Interpreting mem_map init code

zolli · Mar 27, 2005

Hi,

This question is about a piece of Linux kernel code, but is in fact a C
language question. I was looking throught some memory map init code and
ran into the following:

p = mem_map + MAP_NR(end_mem);
(*) start_mem = ((unsigned long)p + sizeof(long) - 1) &
~(sizeof(long)-1);

(*) This is the line I don't understand.

Where MAP_NR is defined (on an i386, anyway) as:

#define MAP_NR(addr) (__pa(addr) >> 12)
#define __pa(x) ((unsigned long)(x)-0xC0000000)

The first line sets p to the beginning of the heap plus the size of the
memory map which is calculated using the MAP_NR macro.

Using reasonable (?) example values if I do this:

unsigned long start_mem, end_mem, mem_map, p;

start_mem = 0xC1000000;
end_mem = 0xC2000000;
mem_map = start_mem;

p = mem_map + MAP_NR(end_mem);
start_mem = ((unsigned long)p + sizeof(long) - 1) &
~(sizeof(long)-1);
printf("p: 0x%x\n",p);
printf("start_mem: 0x%x\n",start_mem);

I get this as output:

p: 0xc1002000
start_mem: 0xc1002000

So what does the (*) line of code above do? I know that it changes
start_mem to the point where the memory allocated for the memory map
ends, but wouldn't that be more easily accomplished by:

start_mem += MAP_NR(end_mem);

My guess is that the line of code somehow sets the size of the mem_map
according to free memory minus the size of the mem_map, but I don't see how.

Thanks in advance,
zolli

CBFalconer · Mar 27, 2005

zolli said:
This question is about a piece of Linux kernel code, but is in
fact a C language question. I was looking throught some memory
map init code and ran into the following:

p = mem_map + MAP_NR(end_mem);
(*) start_mem = ((unsigned long)p + sizeof(long) - 1) &
~(sizeof(long)-1);

(*) This is the line I don't understand.

Nothing complex about it. The portion "~(sizeof(long)-1)" creates
a mask, which will zero a portion of an address so that it is
aligned for longs. That is a '~' complement operator, not a '-'
minus sign. The "+ sizeof(long) - 1" portion advances any address
so that the mask can chop it off, and the result will not be
smaller than the original input address, which is the "(unsigned
long)p" portion.

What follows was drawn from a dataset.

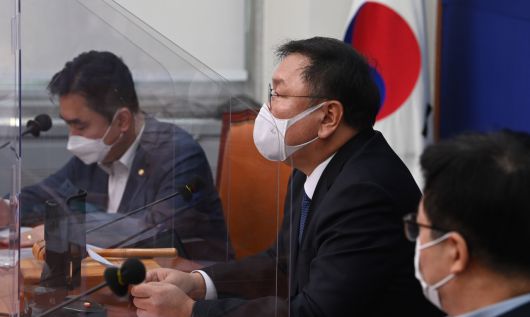 김태년 더불어민주당 원내대표가 27일 오전 국회에서 열린 최고위원회의에서 발언하고 있다. [연합] |
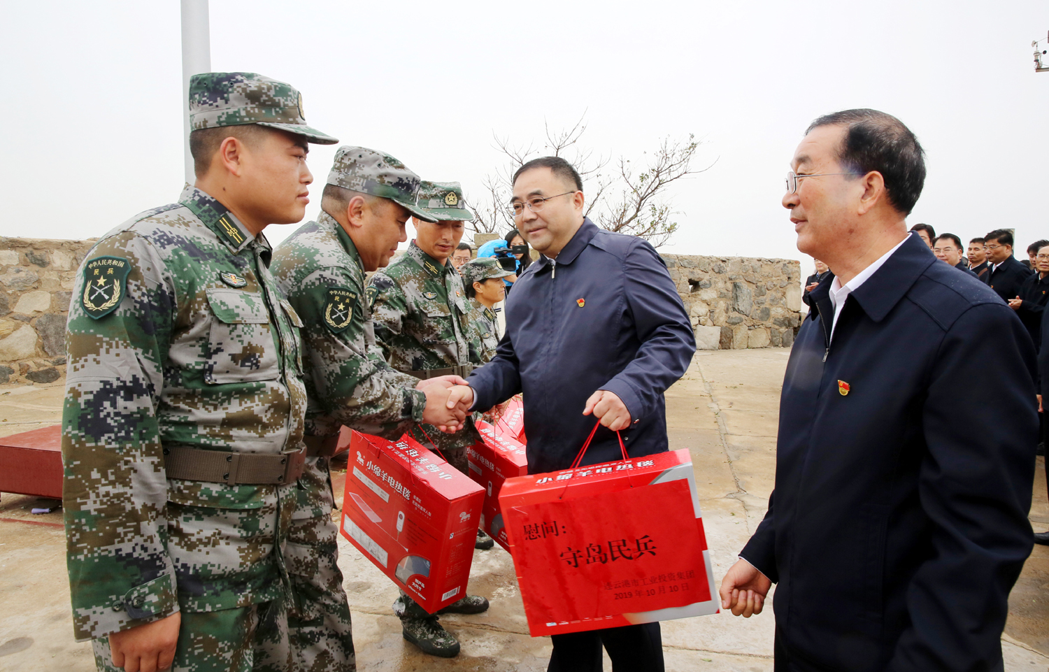 为进一步践行“不忘初心、牢记使命”主题教育,追寻“人民楷模”王继才、王仕花夫妇的守岛精神,10月10日,半岛平台网站登录入口_半岛(中国)公司党委书记、董事长杨龙,总经理胡建明等党委领导班子成员与机关部分党员、各单位党内先进代表等共100人,冒雨赴江苏省干部党性教育基地——开山岛,开展“学习人民楷模王继才、践行初心使命勇担当”党性教育活动。 在面积只有两个足球场大的开山岛上,全体党员参观了王继才同志生前工作生活过的场所,看望慰问王仕花和守岛民兵,举行庄严的升国旗和重温入党誓词仪式。在王继才先进事迹展览室,一件件实物和一幅幅图片,从不同角度、不同侧面生动的再现了王继才“岛就是家、岛就是国”,扎根海岛、献身海防的先进事迹和奉献精神。活动期间,大家还观看了纪录片《守岛32年》,认真聆听了王仕花讲授的关于守岛卫国32年,用无怨无悔的坚守和付出,在平凡的岗位上书写了不平凡人生华章的微党课。

It is all very system specific and non-portable.

Chris Torek · Mar 27, 2005

zolli said:
(*) start_mem = ((unsigned long)p + sizeof(long) - 1) &
~(sizeof(long)-1);
(*) This is the line I don't understand.
Using reasonable (?) example values ...

Chuck Falconer already described the goal, but the action may be
easier to see with additional "reasonable (?)" example values.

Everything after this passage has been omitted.